Millennium (formerly Millennium Roller Coaster) is a roller coaster at Fantasy Island in Ingoldmells, United Kingdom. It was built by Vekoma, a Dutch roller coaster manufacturer, to celebrate the arrival of the new millennium but despite its name, was opened in May 1999. It was Fantasy Island's first "Extreme Thrill Ride", and circles the park's signature pyramid structure.

==Layout and operation==
Constructed - and correspondingly named - ahead of the new millennium in 1999, the ride features a vertical loop, a sidewinder and an additional vertical loop. It finishes in a low helix, which swoops down to a level just above head height of those in the amusement park, frequently startling the unsuspecting public. Some of Millennium's track is intertwined with The Odyssey's track supports, providing some Headchoppers especially when near the Odyssey's supports.

Like the adjacent Odyssey rollercoaster, Millennium is also affected by high winds (though not as significantly as the Odyssey) and so in the case of bad weather or high winds Millennium may not operate.

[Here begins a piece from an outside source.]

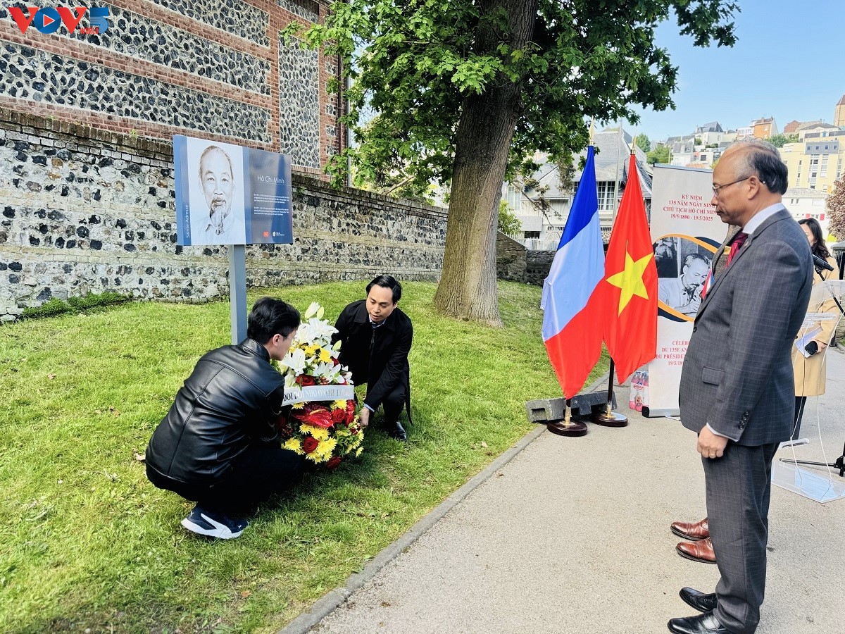 Nằm trong chuỗi các sự kiện kỷ niệm 135 ngày sinh của Chủ tịch Hồ Chí Minh (19/05/1890-19/05/2025), ngày 16/05, Đại sứ quán Việt Nam tại Pháp, phối hợp cùng chính quyền thành phố Sainte-Adresse tổ chức lễ dâng hoa tưởng niệm Người tại biển kỷ niệm mang tên Chủ tịch Hồ Chí Minh nơi đây. Ảnh: Anh Tuấn/VOV – Paris |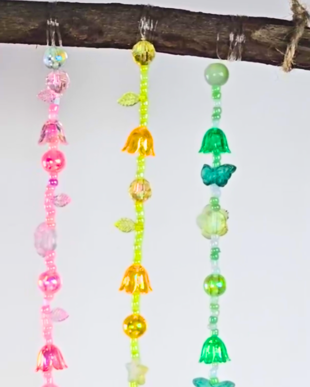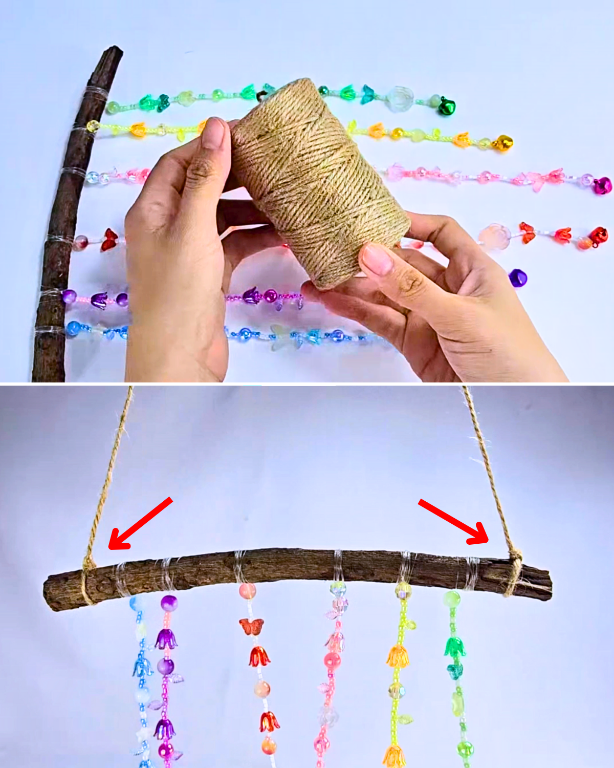 Cut a piece of jute rope and tie each end securely to both sides of the twig or branch. Your beaded wind chime is now ready to hang!

With a top speed of 55.9 mph, it is the seventh fastest roller coaster in the UK. It is also the fifth tallest roller coaster in Britain, with a maximum height of 45.5 metres.

For years its striking yellow and red paintwork could be seen from several miles away. For the 2018 season opening the ride was given a new train repaint and completely repainted. The track is now purple with green supports and the queue line is now in the Pyramd complex and features LED strip lights down both sides.

In 2011, a man continuously rode Millennium 140 times over two days in order to raise fund for charity.